*WHAT YOU ARE ASKED TO DO*:
For this exercise, write out only the lines of the entries below from the one with "- 1-1/2 hour" up to and including the one with "大沢西交差点は交通量の多い国", exactly as they are. Pictures stay out.

(SOURCE MATERIAL begins)

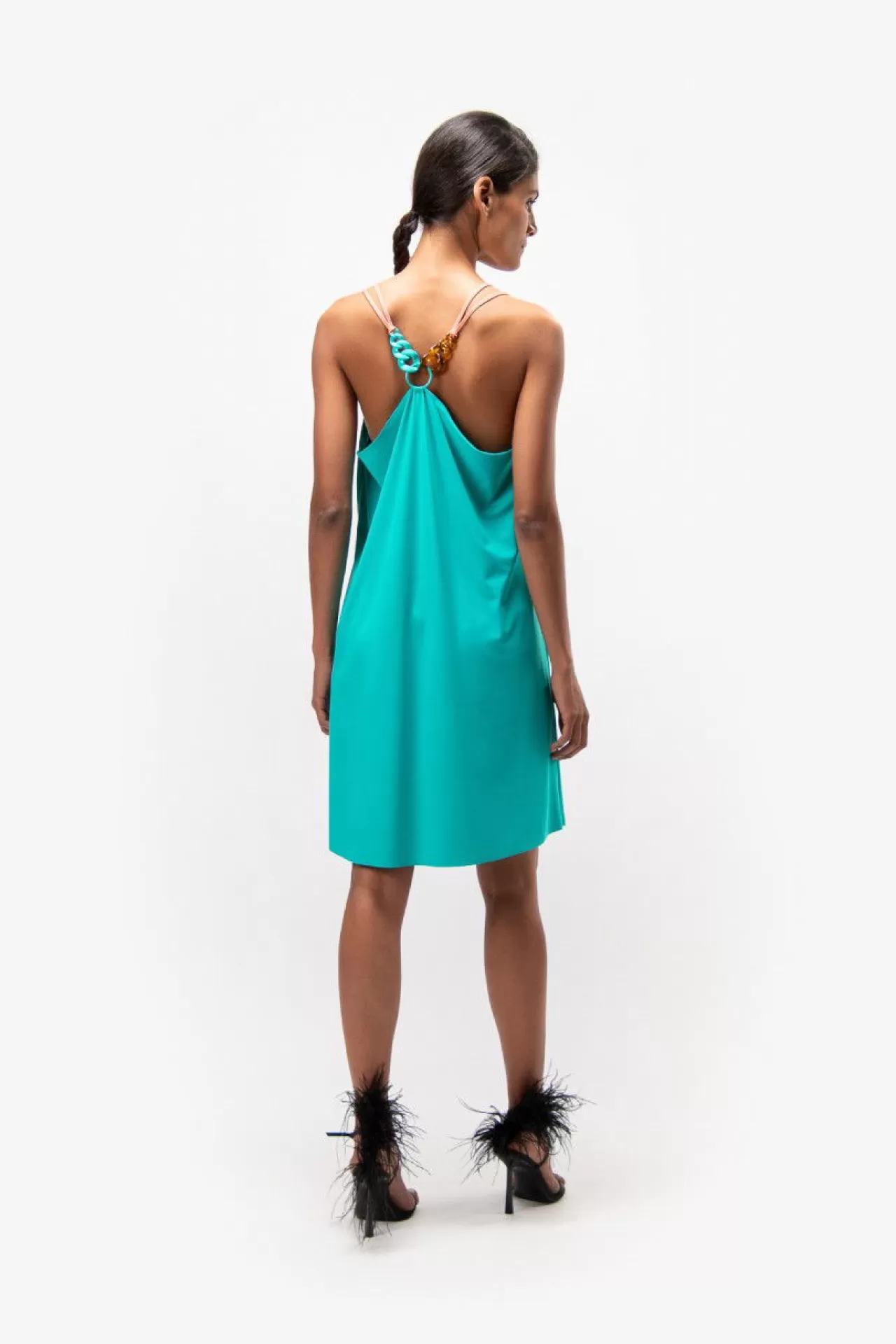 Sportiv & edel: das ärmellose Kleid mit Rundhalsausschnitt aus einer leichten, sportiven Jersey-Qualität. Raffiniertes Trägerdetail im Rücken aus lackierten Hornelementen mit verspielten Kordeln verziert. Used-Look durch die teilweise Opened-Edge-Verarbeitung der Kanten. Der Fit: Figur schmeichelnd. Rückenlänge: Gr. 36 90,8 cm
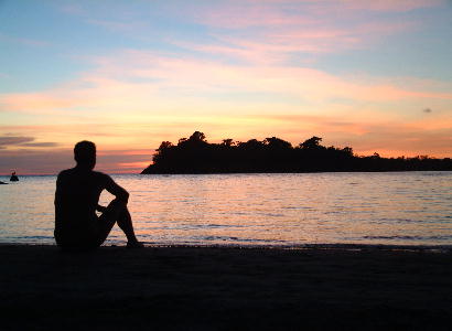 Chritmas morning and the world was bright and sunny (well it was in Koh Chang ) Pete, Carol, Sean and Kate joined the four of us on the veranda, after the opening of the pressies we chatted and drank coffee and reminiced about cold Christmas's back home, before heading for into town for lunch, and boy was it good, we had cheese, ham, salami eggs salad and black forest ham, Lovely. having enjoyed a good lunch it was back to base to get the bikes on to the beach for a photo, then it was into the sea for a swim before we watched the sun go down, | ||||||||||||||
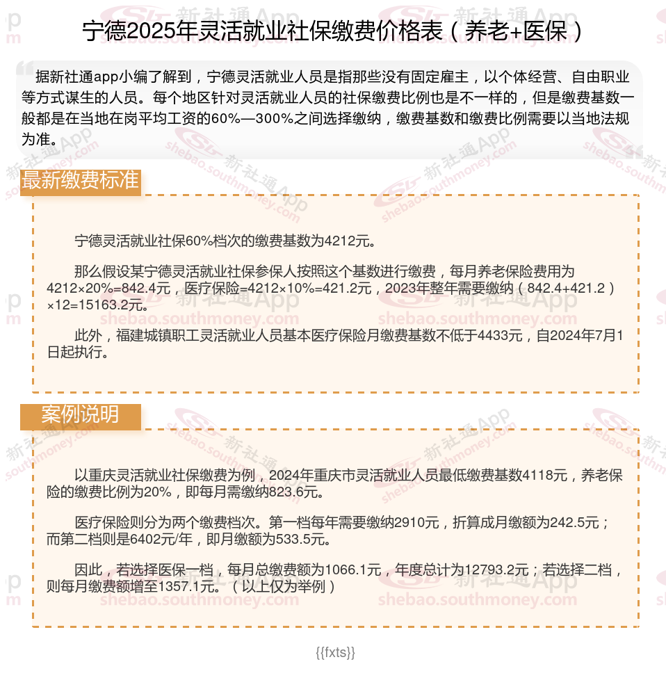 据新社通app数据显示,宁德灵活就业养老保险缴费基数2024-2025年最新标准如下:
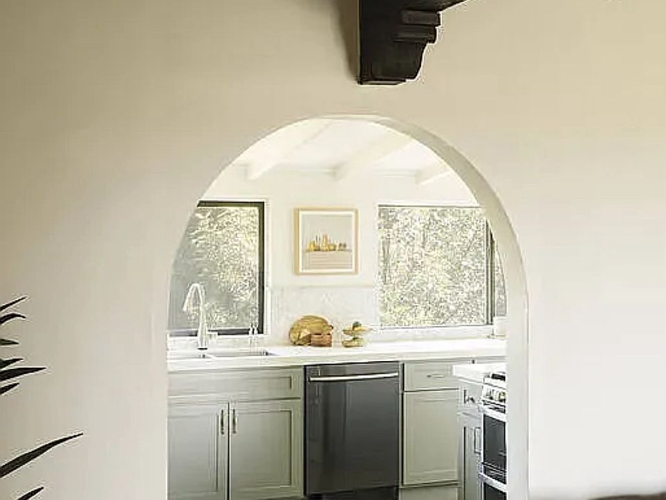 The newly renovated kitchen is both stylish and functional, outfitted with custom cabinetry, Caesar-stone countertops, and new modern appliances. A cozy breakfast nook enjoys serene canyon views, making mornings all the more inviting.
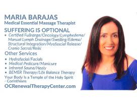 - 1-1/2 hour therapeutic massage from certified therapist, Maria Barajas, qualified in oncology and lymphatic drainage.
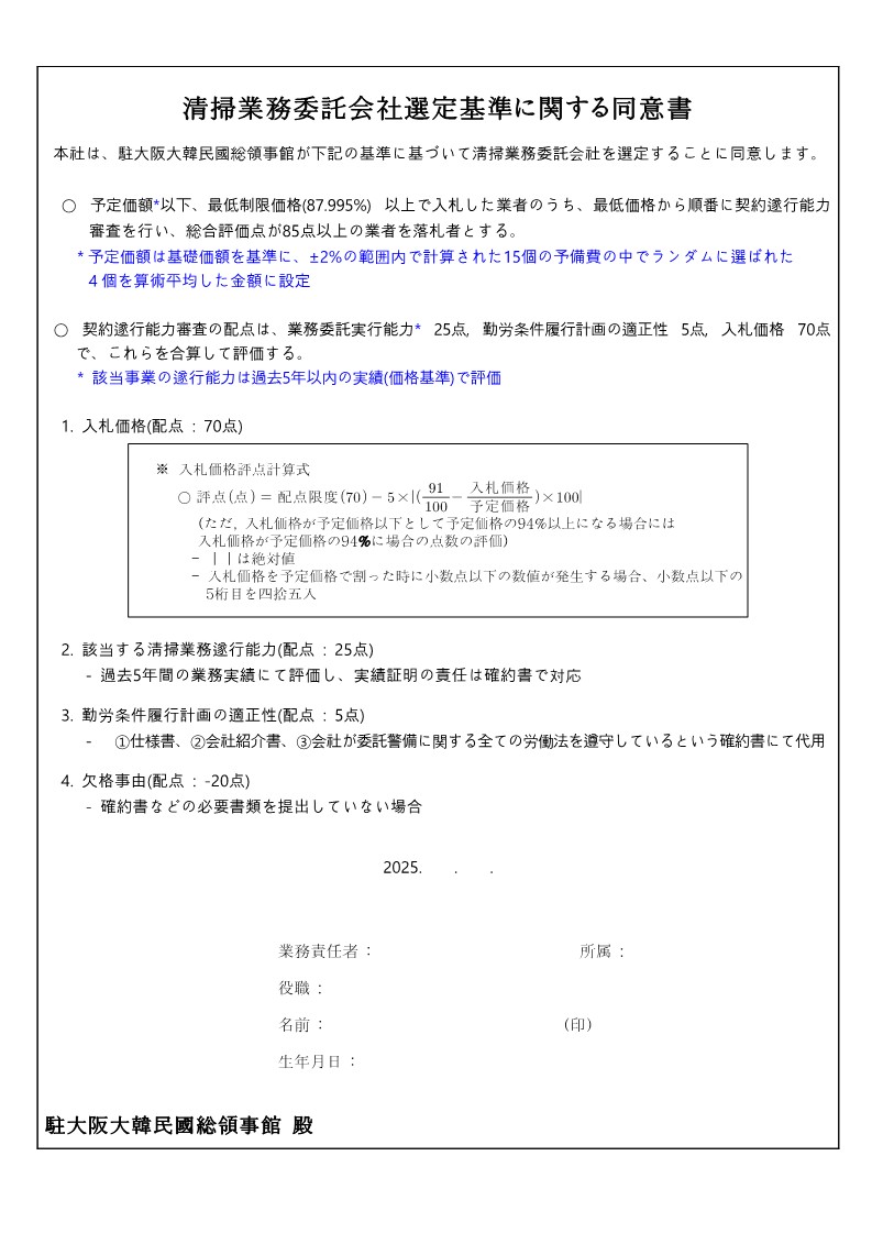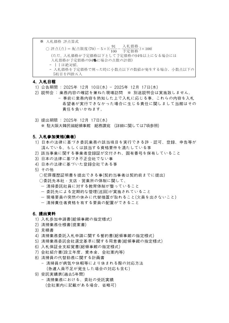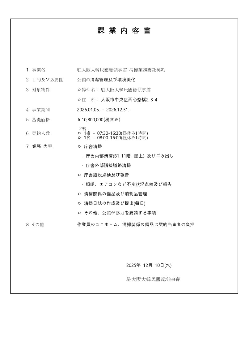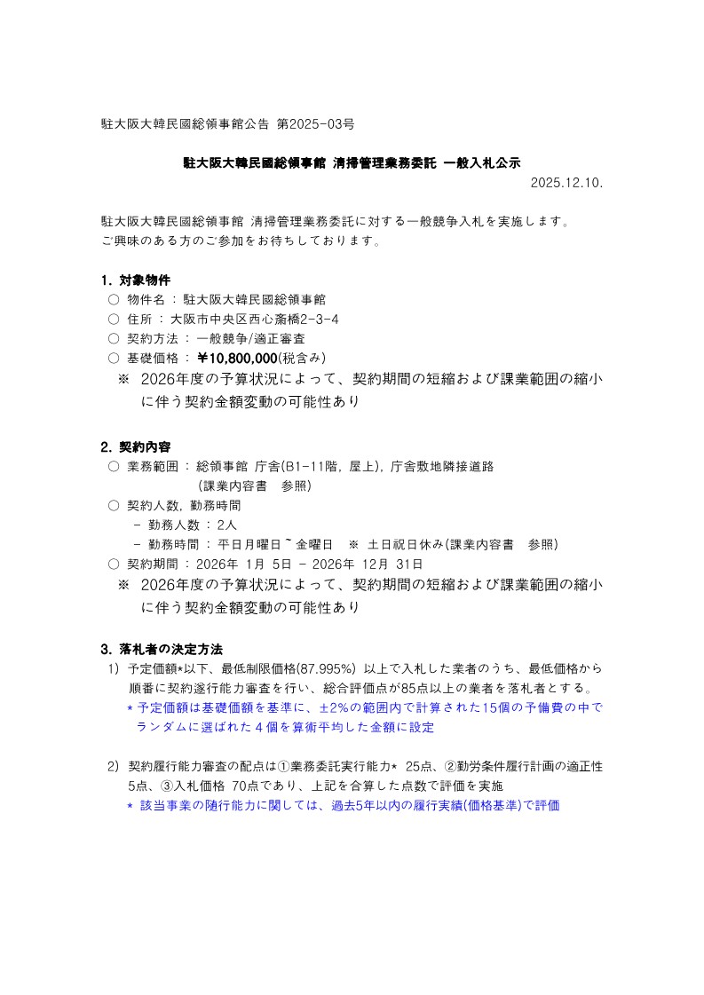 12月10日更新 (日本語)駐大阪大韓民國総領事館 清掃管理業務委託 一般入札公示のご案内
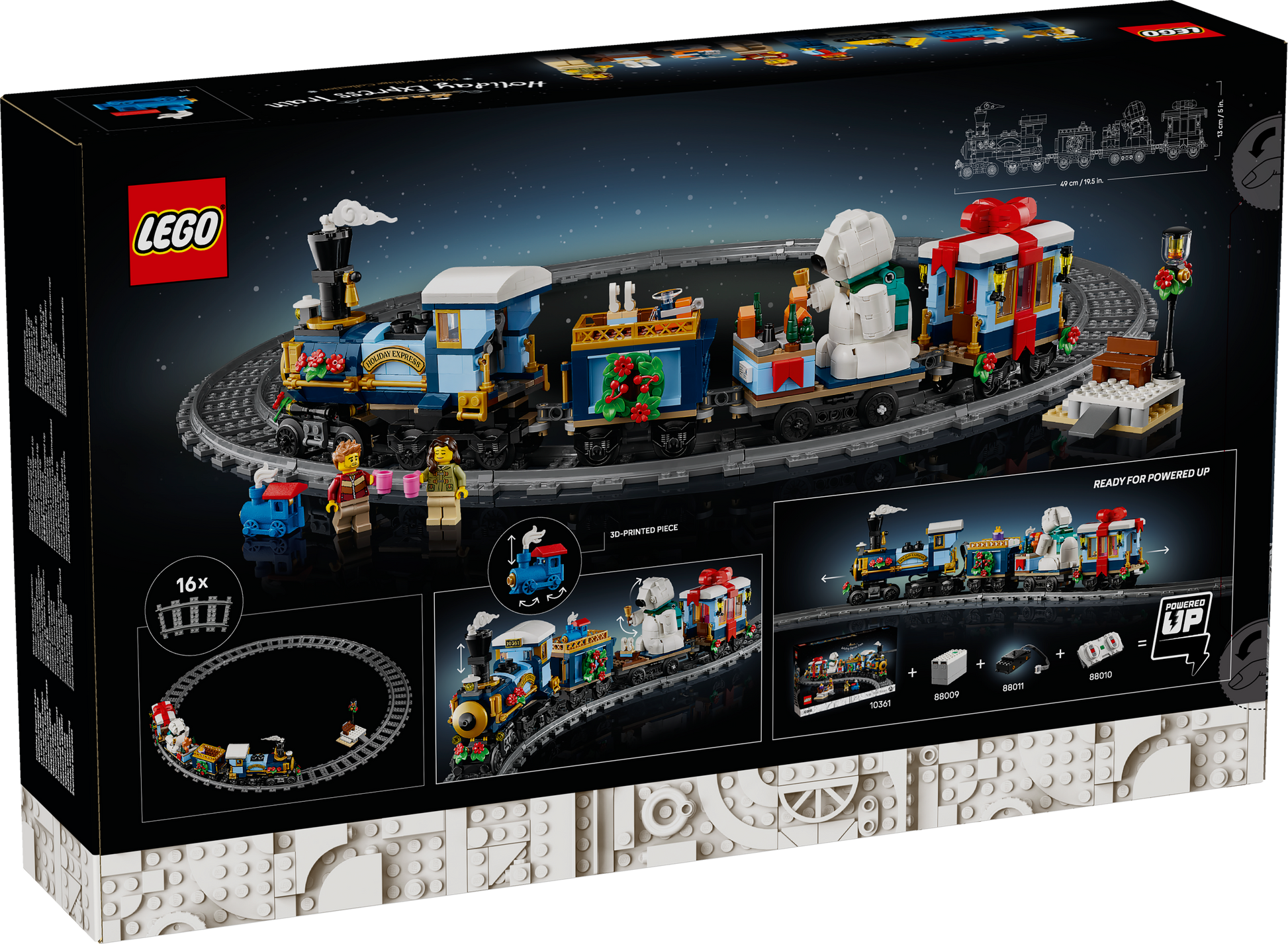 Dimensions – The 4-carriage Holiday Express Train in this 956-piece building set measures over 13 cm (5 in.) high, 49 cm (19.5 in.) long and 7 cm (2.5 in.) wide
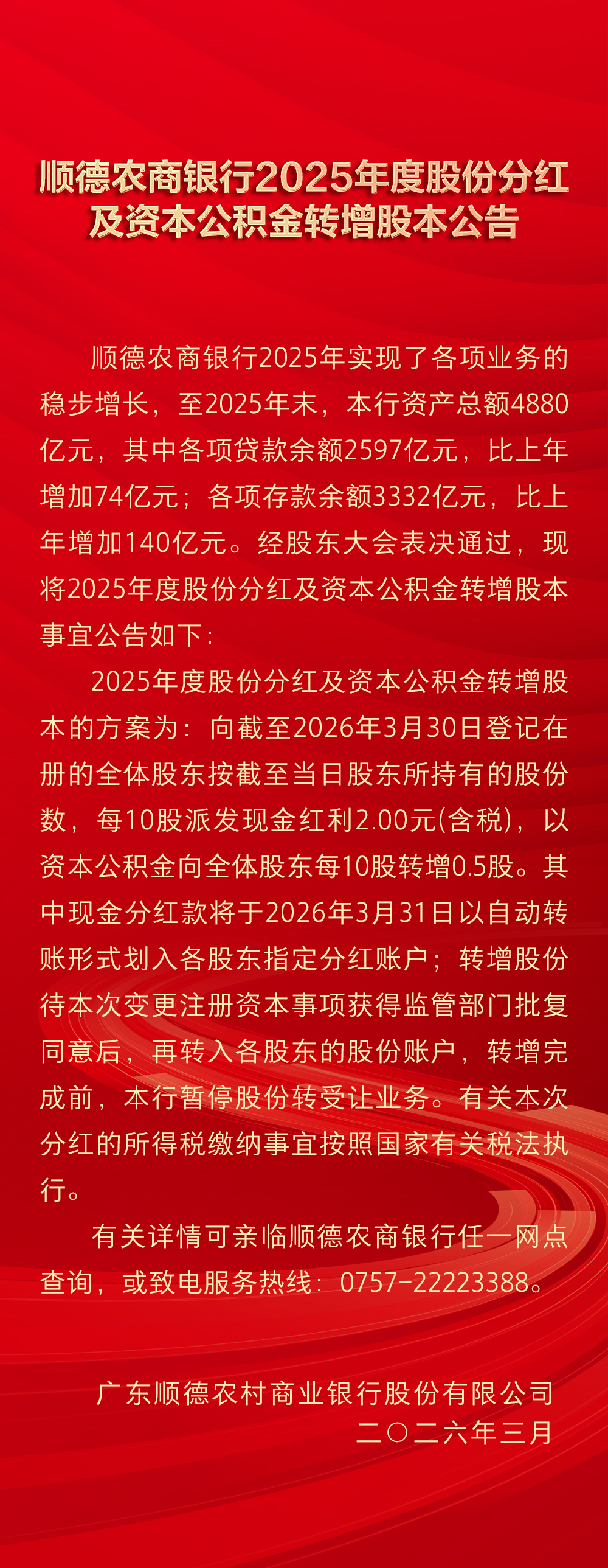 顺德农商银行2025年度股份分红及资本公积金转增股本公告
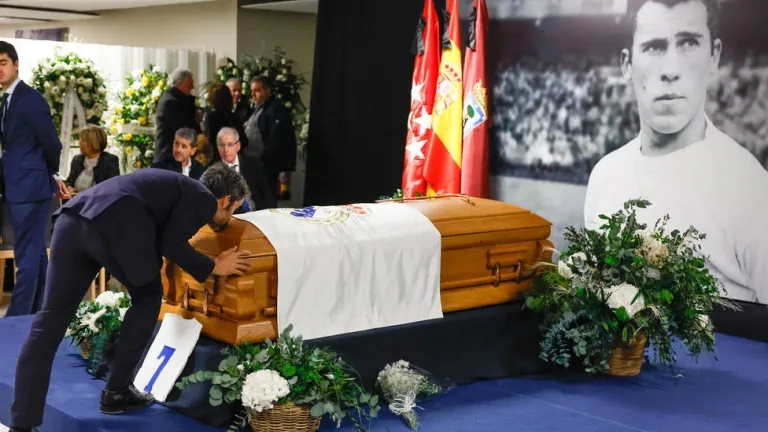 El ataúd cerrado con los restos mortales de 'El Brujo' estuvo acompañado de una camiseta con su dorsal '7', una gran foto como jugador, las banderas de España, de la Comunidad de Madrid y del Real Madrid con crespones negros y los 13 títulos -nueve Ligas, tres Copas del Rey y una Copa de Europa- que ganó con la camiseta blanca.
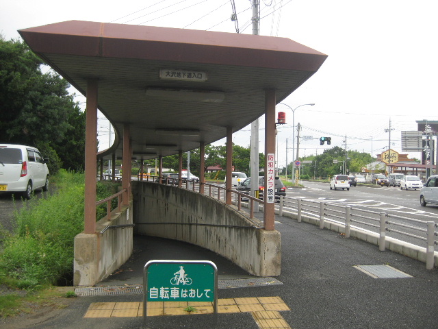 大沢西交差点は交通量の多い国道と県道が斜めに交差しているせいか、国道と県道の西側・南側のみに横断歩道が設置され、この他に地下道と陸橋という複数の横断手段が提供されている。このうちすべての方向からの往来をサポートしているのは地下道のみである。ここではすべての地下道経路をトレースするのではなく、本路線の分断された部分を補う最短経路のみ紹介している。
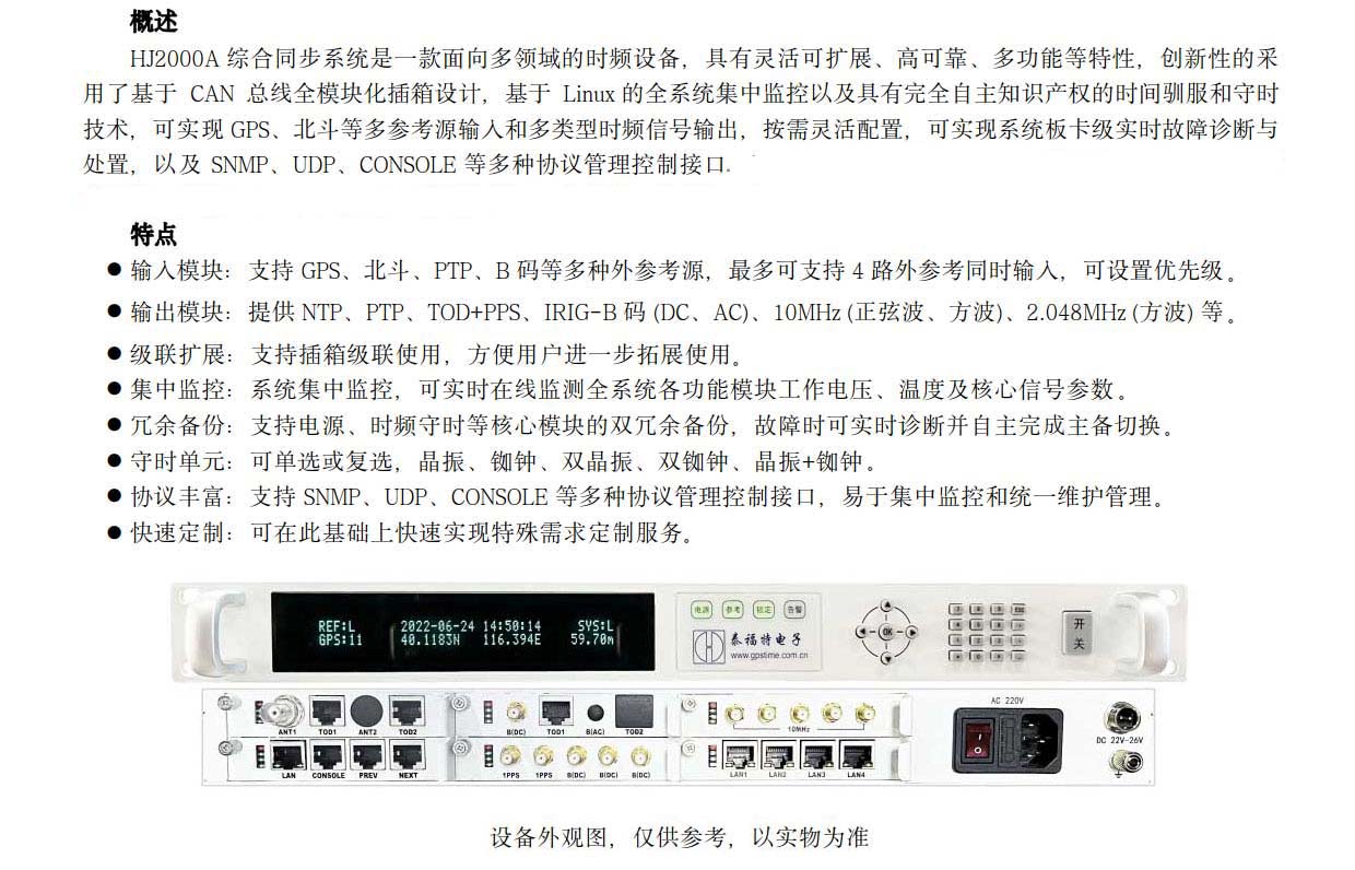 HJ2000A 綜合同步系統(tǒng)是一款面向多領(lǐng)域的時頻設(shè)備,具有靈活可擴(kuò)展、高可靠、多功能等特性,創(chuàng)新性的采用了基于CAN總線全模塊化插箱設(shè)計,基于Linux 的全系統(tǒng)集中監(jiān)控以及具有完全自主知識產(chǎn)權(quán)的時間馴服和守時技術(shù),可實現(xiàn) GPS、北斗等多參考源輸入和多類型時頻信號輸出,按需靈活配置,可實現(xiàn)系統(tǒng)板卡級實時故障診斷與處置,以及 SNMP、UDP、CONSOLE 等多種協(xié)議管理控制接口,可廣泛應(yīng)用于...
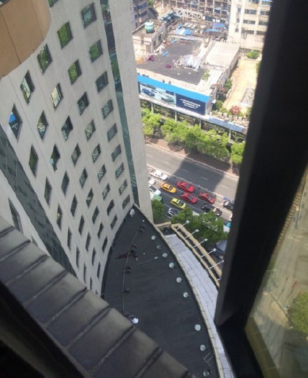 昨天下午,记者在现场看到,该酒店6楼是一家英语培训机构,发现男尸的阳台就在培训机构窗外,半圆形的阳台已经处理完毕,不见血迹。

(SOURCE MATERIAL ends)

*ANSWER FOR THIS EXERCISE*:
 - 1-1/2 hour therapeutic massage from certified therapist, Maria Barajas, qualified in oncology and lymphatic drainage.
 12月10日更新 (日本語)駐大阪大韓民國総領事館 清掃管理業務委託 一般入札公示のご案内
 Dimensions – The 4-carriage Holiday Express Train in this 956-piece building set measures over 13 cm (5 in.) high, 49 cm (19.5 in.) long and 7 cm (2.5 in.) wide
 顺德农商银行2025年度股份分红及资本公积金转增股本公告
 El ataúd cerrado con los restos mortales de 'El Brujo' estuvo acompañado de una camiseta con su dorsal '7', una gran foto como jugador, las banderas de España, de la Comunidad de Madrid y del Real Madrid con crespones negros y los 13 títulos -nueve Ligas, tres Copas del Rey y una Copa de Europa- que ganó con la camiseta blanca.
 大沢西交差点は交通量の多い国道と県道が斜めに交差しているせいか、国道と県道の西側・南側のみに横断歩道が設置され、この他に地下道と陸橋という複数の横断手段が提供されている。このうちすべての方向からの往来をサポートしているのは地下道のみである。ここではすべての地下道経路をトレースするのではなく、本路線の分断された部分を補う最短経路のみ紹介している。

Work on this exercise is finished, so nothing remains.